INPUT DATA:
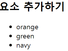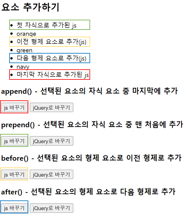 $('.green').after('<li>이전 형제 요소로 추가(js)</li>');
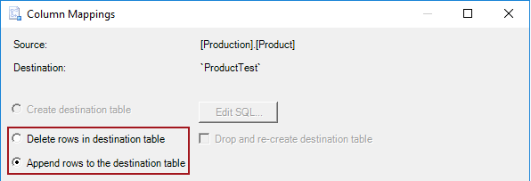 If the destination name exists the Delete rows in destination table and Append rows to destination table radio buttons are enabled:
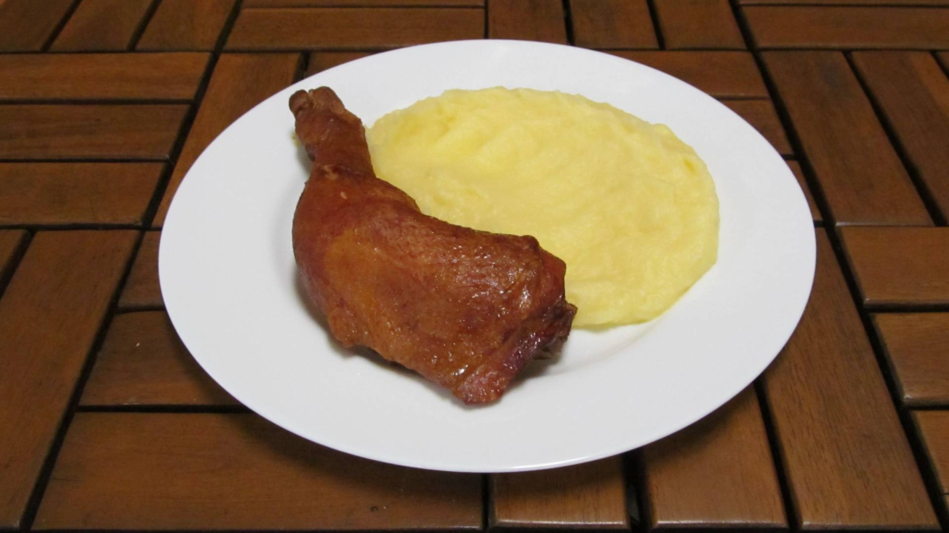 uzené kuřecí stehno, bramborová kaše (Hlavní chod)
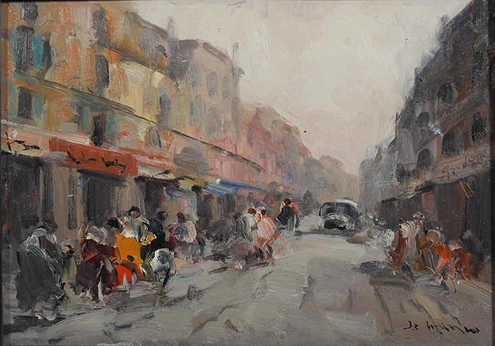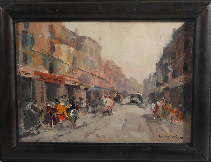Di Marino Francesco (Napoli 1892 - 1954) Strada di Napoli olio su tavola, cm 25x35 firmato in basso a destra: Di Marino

PROBLEM DESCRIPTION: Would it be possible to reproduce the material word for word, images omitted?

COMPLETED TASK:
 $('.green').after('<li>이전 형제 요소로 추가(js)</li>');
 If the destination name exists the Delete rows in destination table and Append rows to destination table radio buttons are enabled:
 uzené kuřecí stehno, bramborová kaše (Hlavní chod)
Di Marino Francesco (Napoli 1892 - 1954) Strada di Napoli olio su tavola, cm 25x35 firmato in basso a destra: Di Marino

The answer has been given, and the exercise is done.